━━━ Material for this task

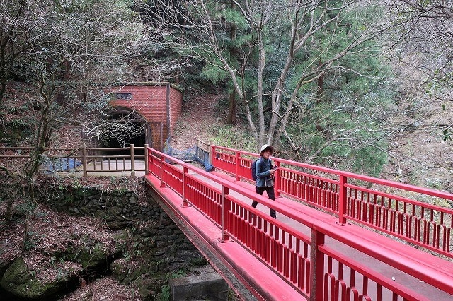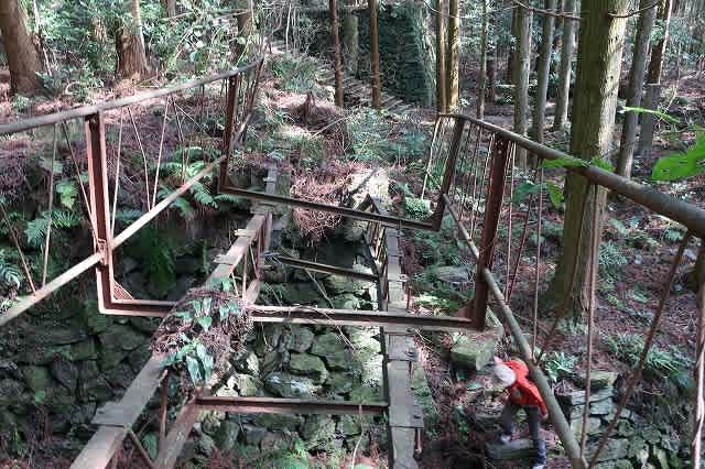 浴場跡から少し登って行くと、石段を跨ぐようにして鉄製の橋が架かっていた。
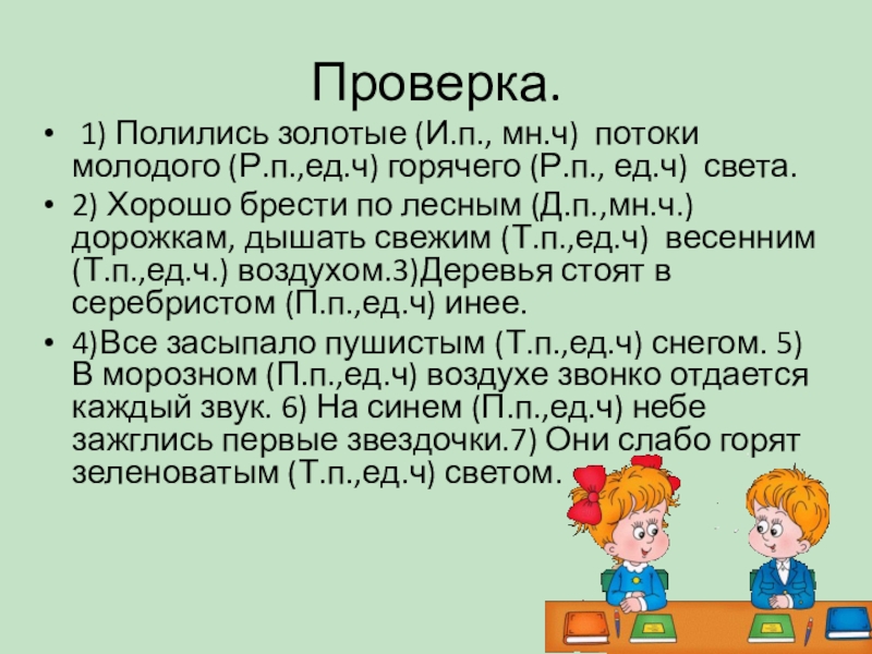 2) Хорошо брести по лесным (Д.п.,мн.ч.) дорожкам, дышать свежим (Т.п.,ед.ч) весенним (Т.п.,ед.ч.) воздухом.3)Деревья стоят в серебристом (П.п.,ед.ч) инее.
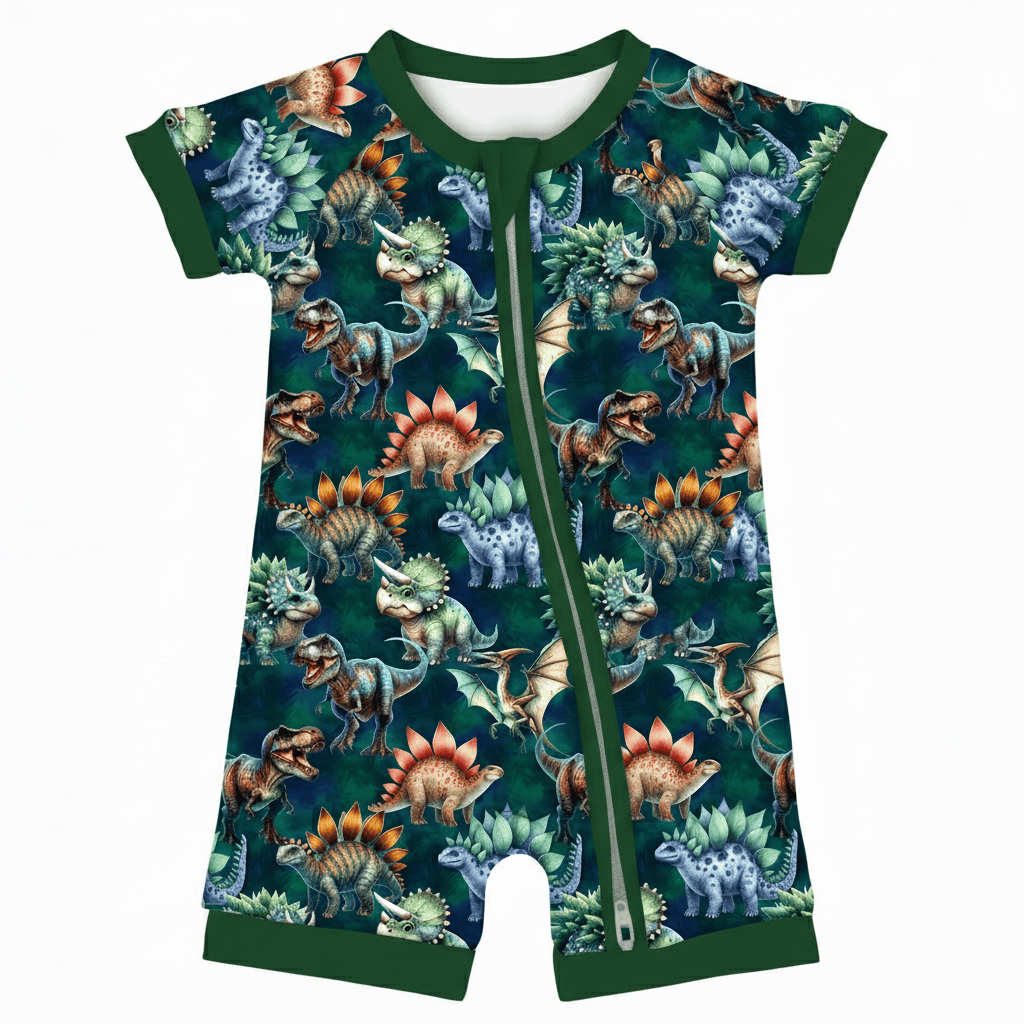 [Pre Order] Charlie Play Jurassic Dreams - Bamboo Lyocell Shorty Romper (EST SHIP EARLY MARCH)
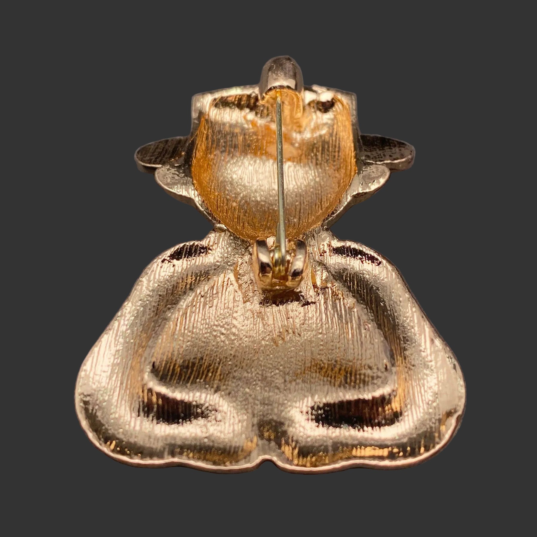 A vintage-inspired 1980s-era novelty brooch depicting a playful masked burger bandit character, finished with oil-dipped enamel and sparkling rhinestone accents. Rich in retro charm and pop-culture nostalgia, this whimsical piece captures the bold, collectible spirit of iconic fast-food–era design.
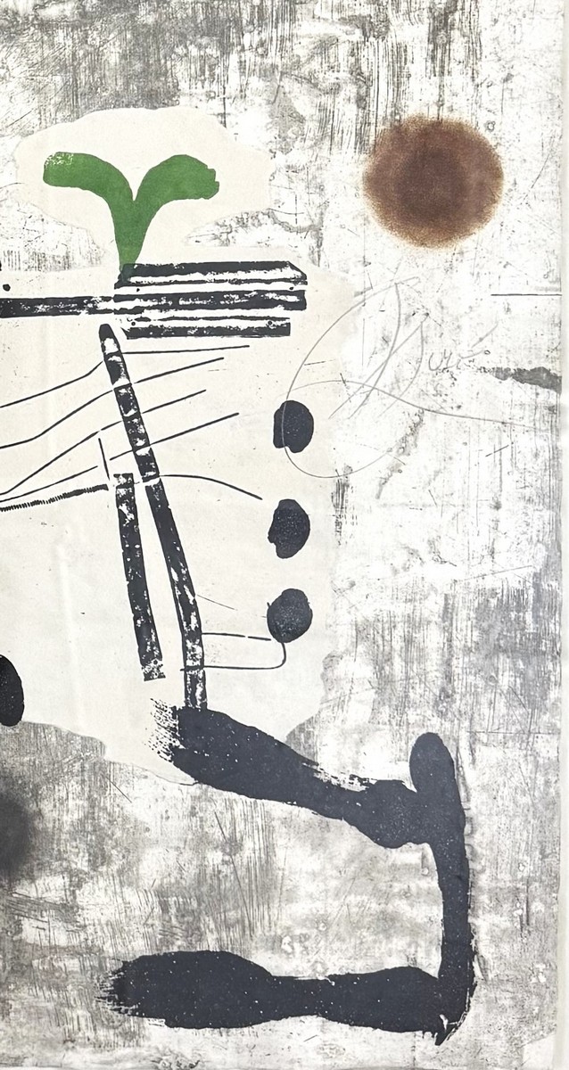 Color etching and aquatint, embossed on Arches wove paper. Signed "Miro". Numbered 28/50 lower left. Published by Maeght Éditeur, Paris. Printed by Joan Barbará, Barcelona, printed on a sheet with deckled edges at the top and bottom, in very good condition.

━━━━━━

Exercise goal: Among the lines above, the one with "2) Хорошо брести" opens the part to repeat and the one with "[Pre Order] Charlie" closes it; repeat only that part exactly, with no pictures.

Written answer:
 2) Хорошо брести по лесным (Д.п.,мн.ч.) дорожкам, дышать свежим (Т.п.,ед.ч) весенним (Т.п.,ед.ч.) воздухом.3)Деревья стоят в серебристом (П.п.,ед.ч) инее.
 [Pre Order] Charlie Play Jurassic Dreams - Bamboo Lyocell Shorty Romper (EST SHIP EARLY MARCH)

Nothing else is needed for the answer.